Title: Transformer Impedance Matching - effect of absolute number of turns vs ratio
Post by: cadr on April 02, 2021, 05:06:18 pm
I am playing with an RF amplifier design, and I need to transform my 50 ohm load to something higher to make the transistors not need to work so hard.  I was going to make a transformer with a bifilar wired toroid.  I can set the turn ratio to do what I need, but I am confused on how the absolute number of turns matter.  As long as I have the desired ratio of turns, how does the primary having 10 turns vs 20 turns affect things?

Thanks!
Title: Re: Transformer Impedance Matching - effect of absolute number of turns vs ratio
Post by: TimFox on April 02, 2021, 05:46:14 pm
In general with transformers, the absolute number of turns affects the magnetizing inductance, one of the two important parasitic inductances in the model.  At low frequencies, the magnetizing inductance shunts the ideal transformer inside the model, and steals AC current from the load.  Of course, it also affects the leakage inductance, the other important parasitic inductance, which is important at high frequencies.  The ideal transformer, governed only by the turns ratio, is inside the parasitic components.
Title: Re: Transformer Impedance Matching - effect of absolute number of turns vs ratio
Post by: cadr on April 02, 2021, 05:57:33 pm
Thanks!

Any suggestion about how I determine what impedance/# of primary turns I should aim for if I am using this at 7MHz?

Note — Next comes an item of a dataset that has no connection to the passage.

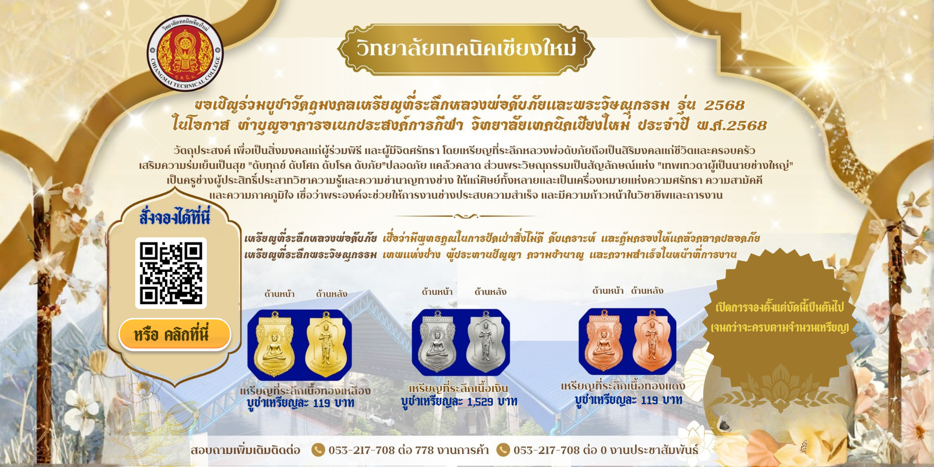 วิทยาลัยเทคนิคเชียงใหม่ จัดพิธีพุทธาภิเษก วัตถุมงคล เหรียญที่ระลึกหลวงพ่อดับภัย-พระวิษณุกรรม รุ่น 2568

Title: Re: Transformer Impedance Matching - effect of absolute number of turns vs ratio
Post by: TimFox on April 02, 2021, 06:04:37 pm
You want the magnetizing inductance's reactance (essentially the inductance of the primary winding) to be much higher than the load impedance that the primary winding presents to the active devices at 7 MHz.  However, the leakage inductance's absolute value will also increase with more turns, but the high coupling of the bifilar winding is good for low leakage.  This is why such transformers have a relatively high bandwidth.  For a simple 1:1 ratio model, the low-frequency cutoff (at -3 dB) is where the magnetizing inductance reactance equals the load impedance, and the high-frequency cutoff is where the leakage inductance reactance equals the load impedance (ignoring parasitic capacitance).

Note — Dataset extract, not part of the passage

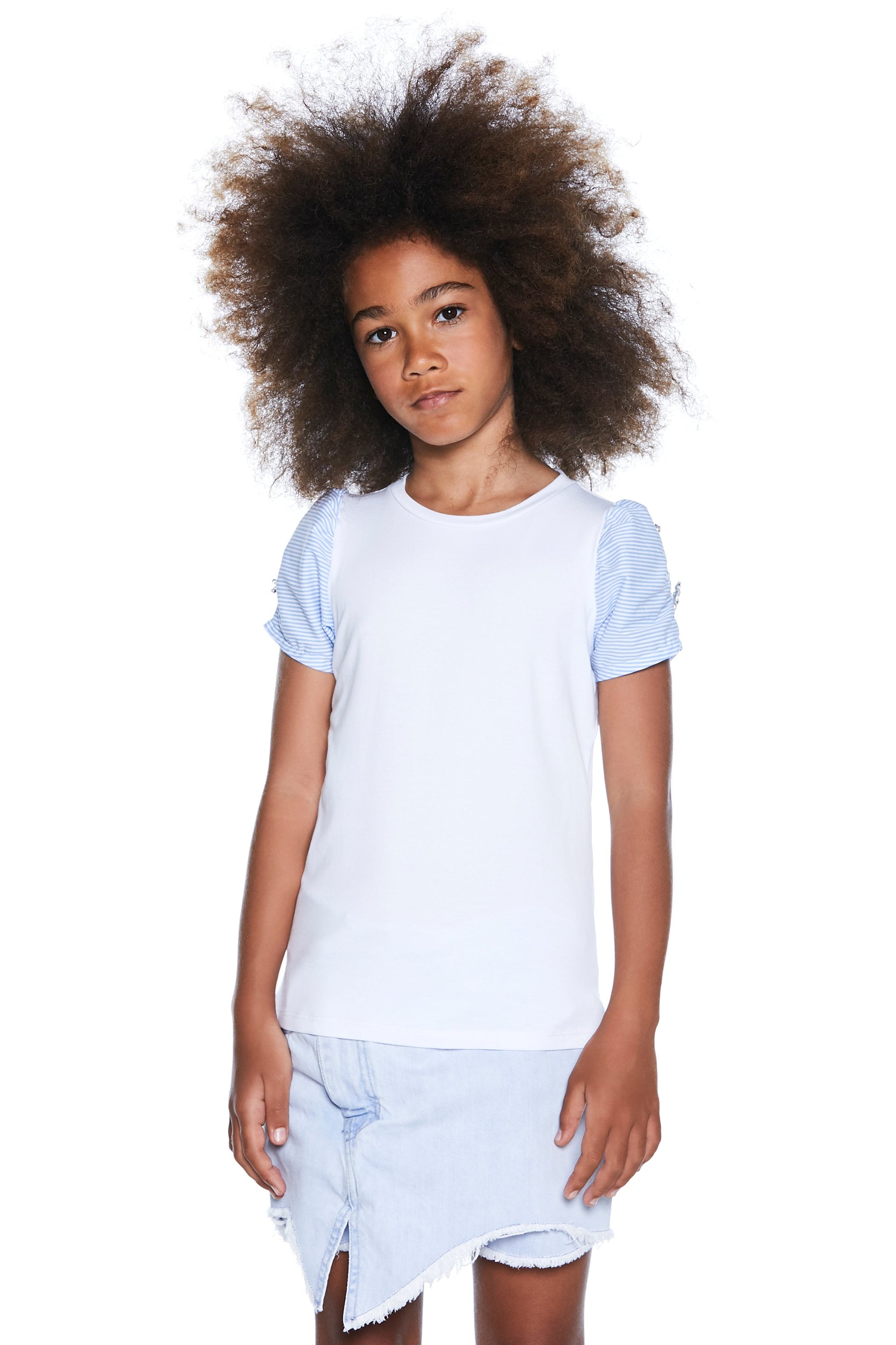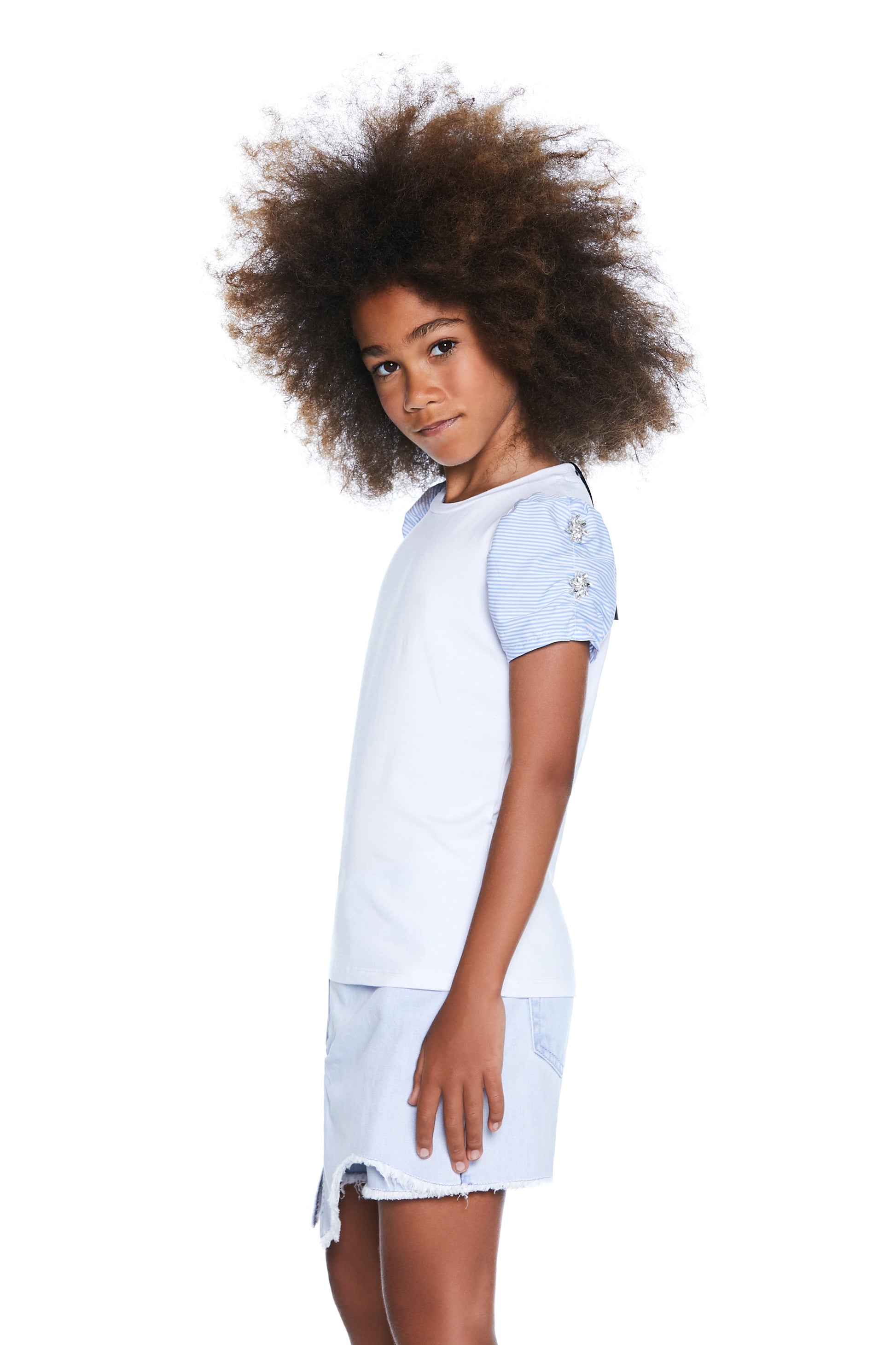 T 恤 GONDOLIERA 半袖条纹卷边加贴花。内部印有珠宝

One of many articles in the literature:  http://mwl.diet.uniroma1.it/people/pisa/SISTEMI_RF/MATERIALE%20INTEGRATIVO/Kikkert_RF_Electronics_Course/05-RF_Electronics_Kikkert_Ch3_RFTransformers.pdf (http://mwl.diet.uniroma1.it/people/pisa/SISTEMI_RF/MATERIALE%20INTEGRATIVO/Kikkert_RF_Electronics_Course/05-RF_Electronics_Kikkert_Ch3_RFTransformers.pdf)